▶ **PROBLEM**: Send back the data below exactly. Drop every picture.

[Dataset excerpts]
• • • • • • •

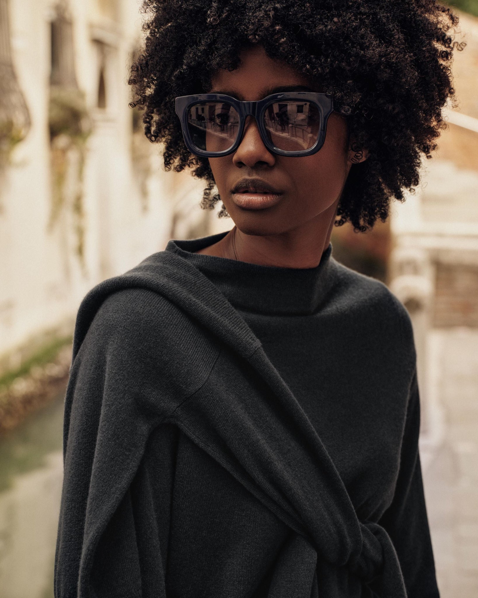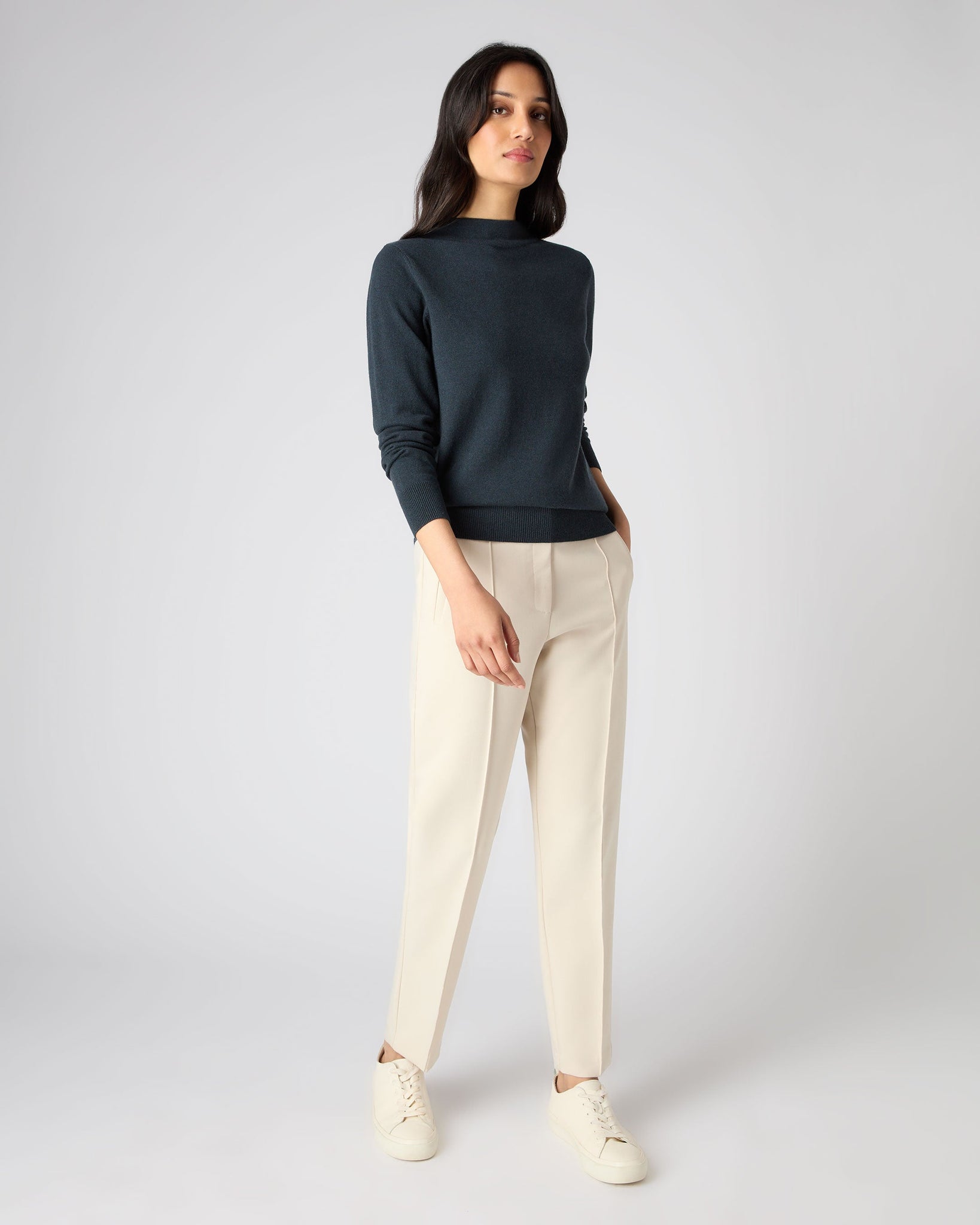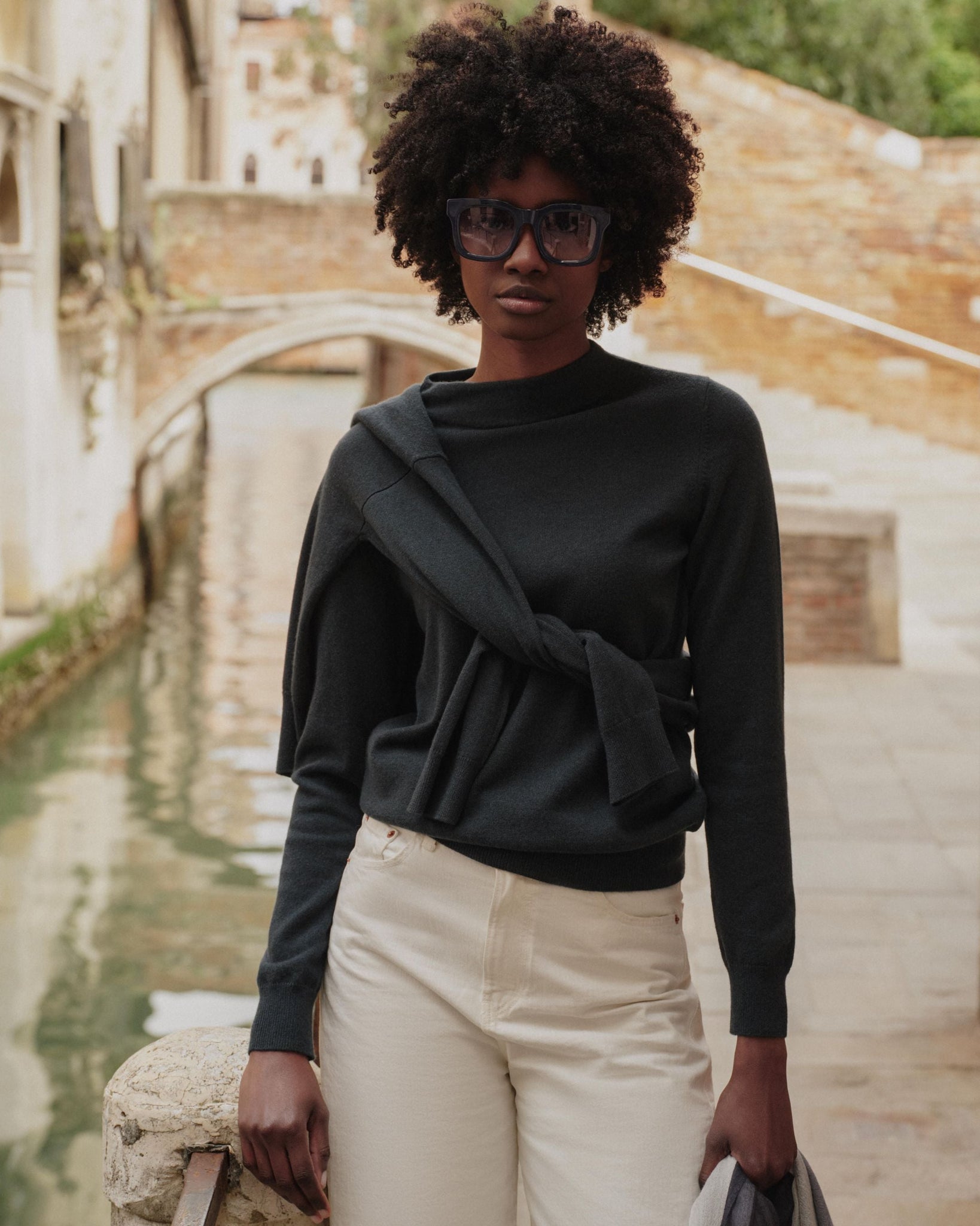 - Made from 100% organic Mongolian cashmere - Comfortable and elegant funnel neck design - Matching ribbed cuffs and hem - Comfortable new classic style with a flattering neckline - Model is wearing size Small - Care: Hand Wash
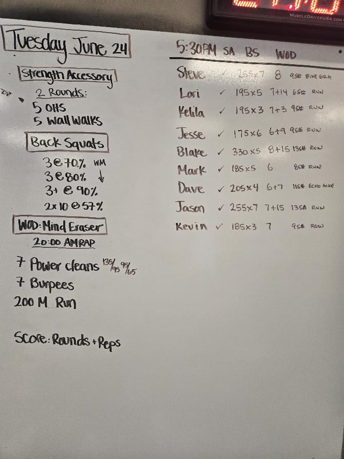 | Strength Accessory Tue Jun 24 2025 | Back Squats Tue Jun 24 2025 | Mind Eraser |
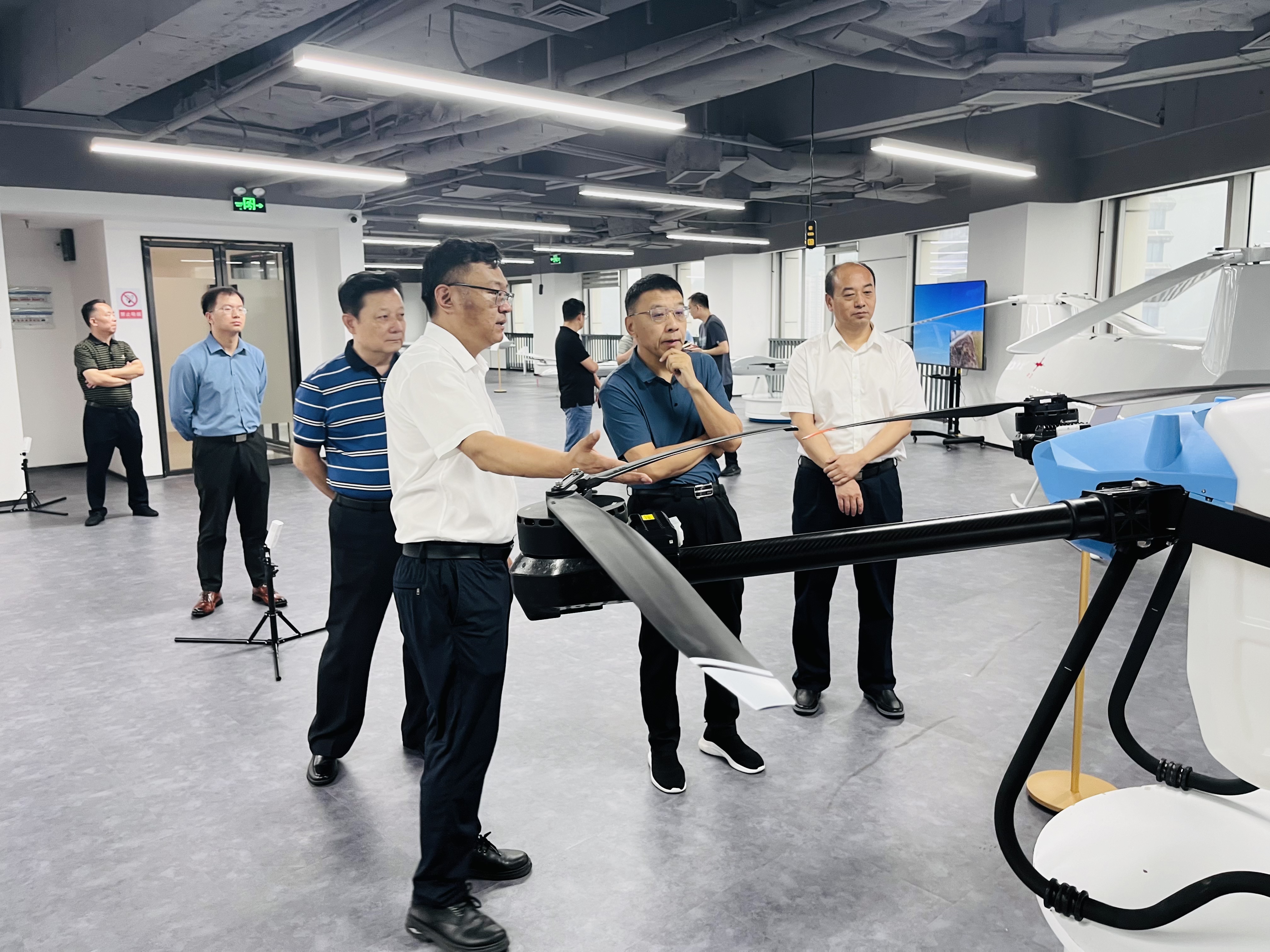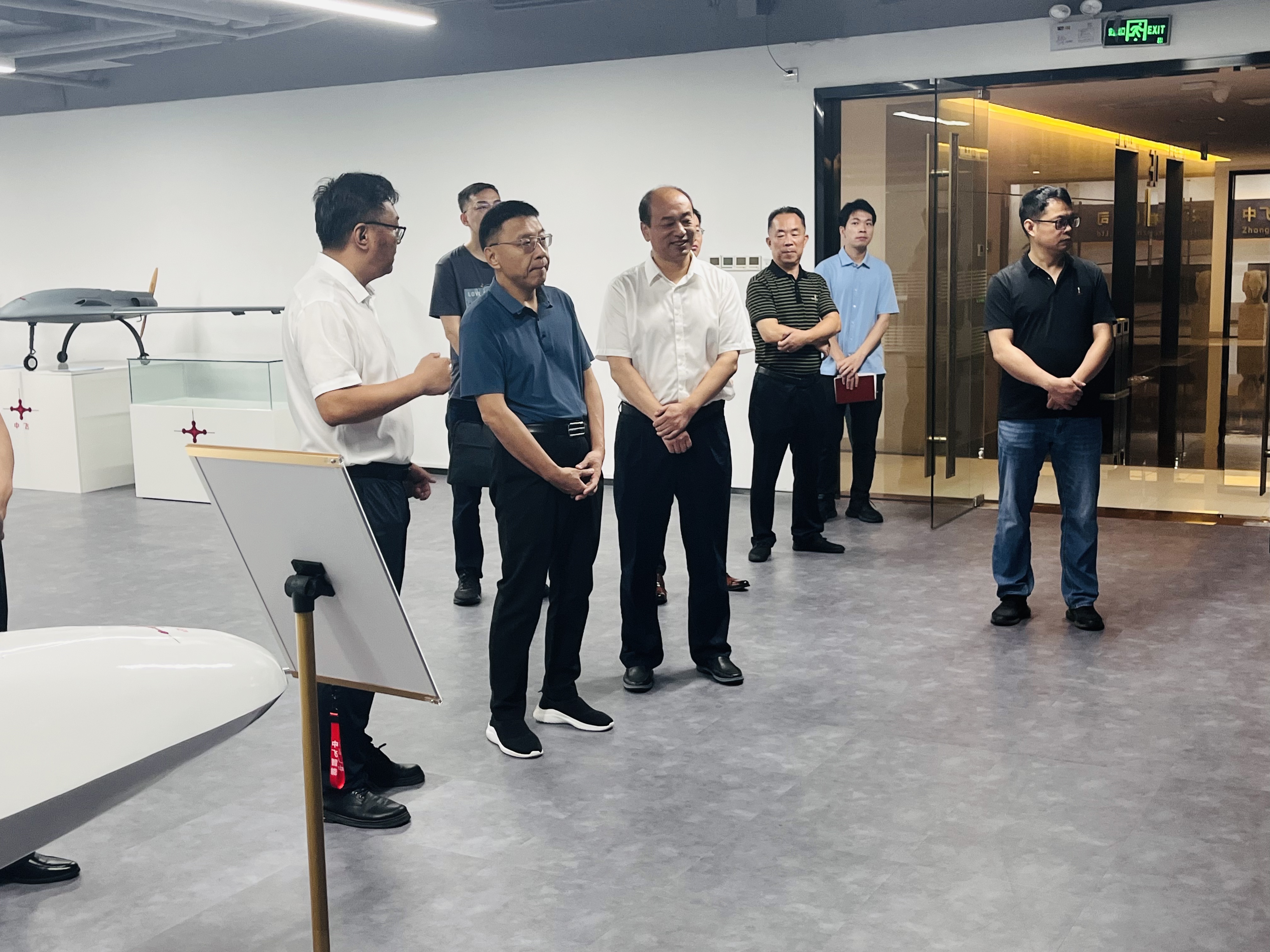 王奕文副书记认真听取汇报,不时驻足观看,对公司自主研发的中小型长航时固定翼无人机、纵列式大载重无人机表现出浓厚兴趣,并详细询问了技术参数、应用场景和市场反馈。
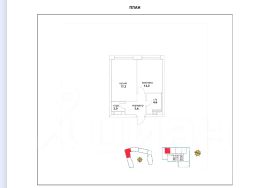 Общ площадь 42,7 м2. Кухня-гостиная 17 м2. Спальня 13, 3 м2. Высота потолков 3,1 м2.
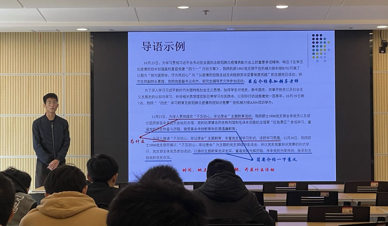 11月8日中午,第一期培训内容为“党建活动开展及新闻稿写作”,邀请了机硕2003班党支书周浩源和机硕2004班党支书滕钺分享经验,30余名党支部支委成员参加活动。
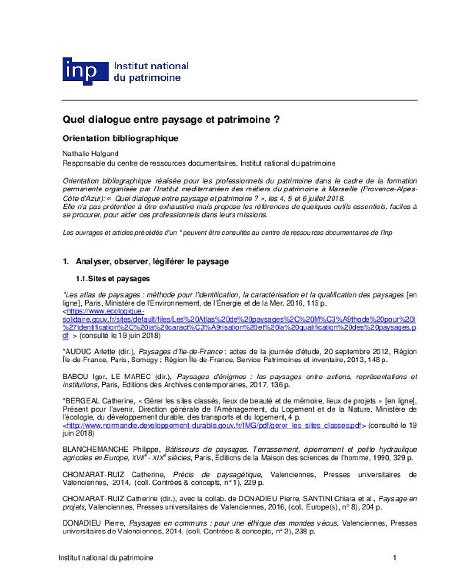 Sites : le paysage comme patrimoine
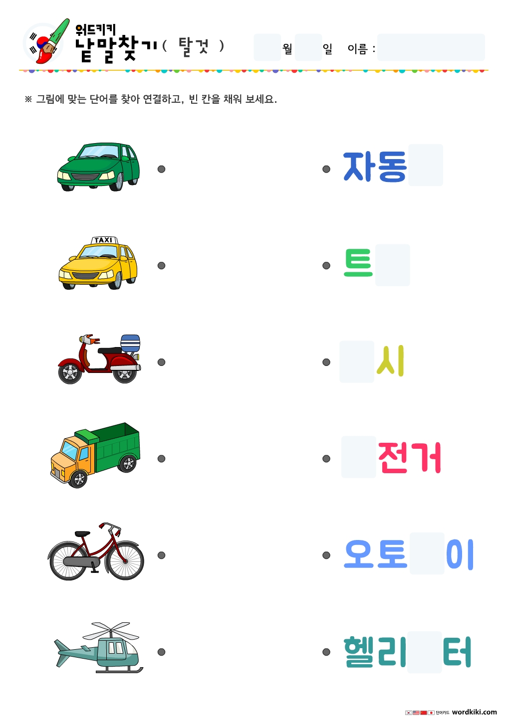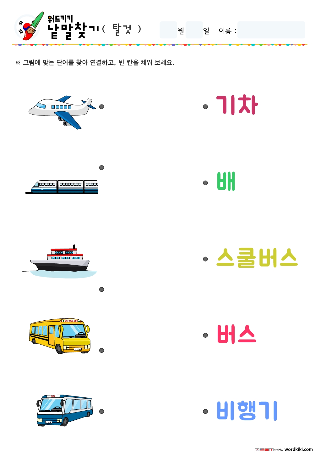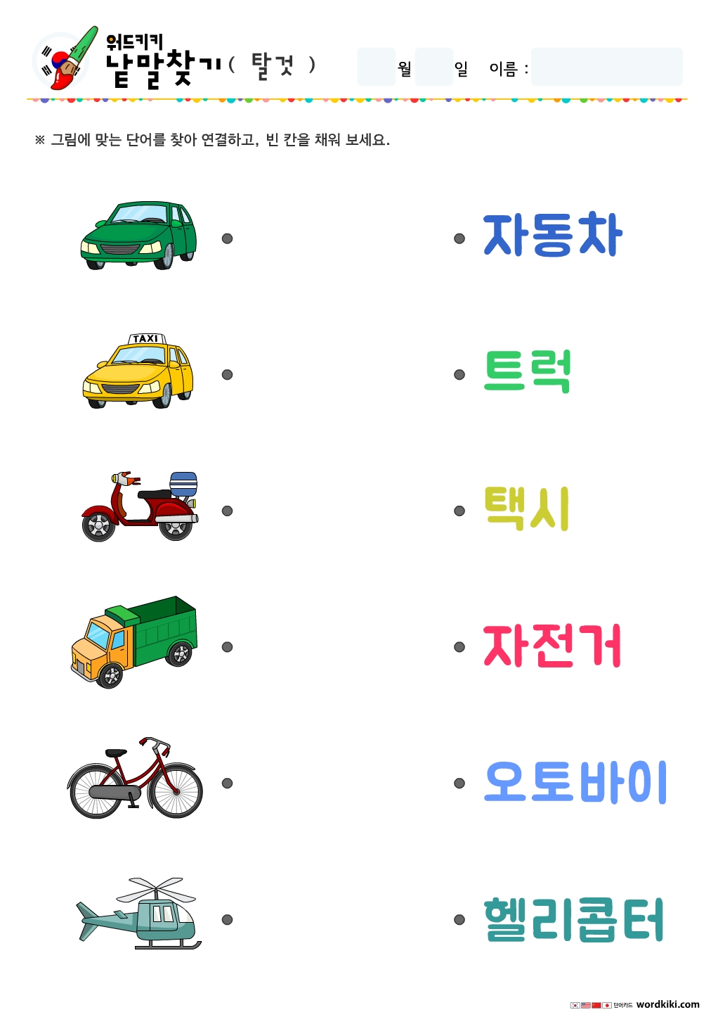탈것(교통수단) 그림을 보고 맞는 단어를 찾아 선으로 연결해 주세요!!

• • • • • • •

▶ **RESPONSE AREA**:
 - Made from 100% organic Mongolian cashmere - Comfortable and elegant funnel neck design - Matching ribbed cuffs and hem - Comfortable new classic style with a flattering neckline - Model is wearing size Small - Care: Hand Wash
 | Strength Accessory Tue Jun 24 2025 | Back Squats Tue Jun 24 2025 | Mind Eraser |
 王奕文副书记认真听取汇报,不时驻足观看,对公司自主研发的中小型长航时固定翼无人机、纵列式大载重无人机表现出浓厚兴趣,并详细询问了技术参数、应用场景和市场反馈。
 Общ площадь 42,7 м2. Кухня-гостиная 17 м2. Спальня 13, 3 м2. Высота потолков 3,1 м2.
 11月8日中午,第一期培训内容为“党建活动开展及新闻稿写作”,邀请了机硕2003班党支书周浩源和机硕2004班党支书滕钺分享经验,30余名党支部支委成员参加活动。
 Sites : le paysage comme patrimoine
탈것(교통수단) 그림을 보고 맞는 단어를 찾아 선으로 연결해 주세요!!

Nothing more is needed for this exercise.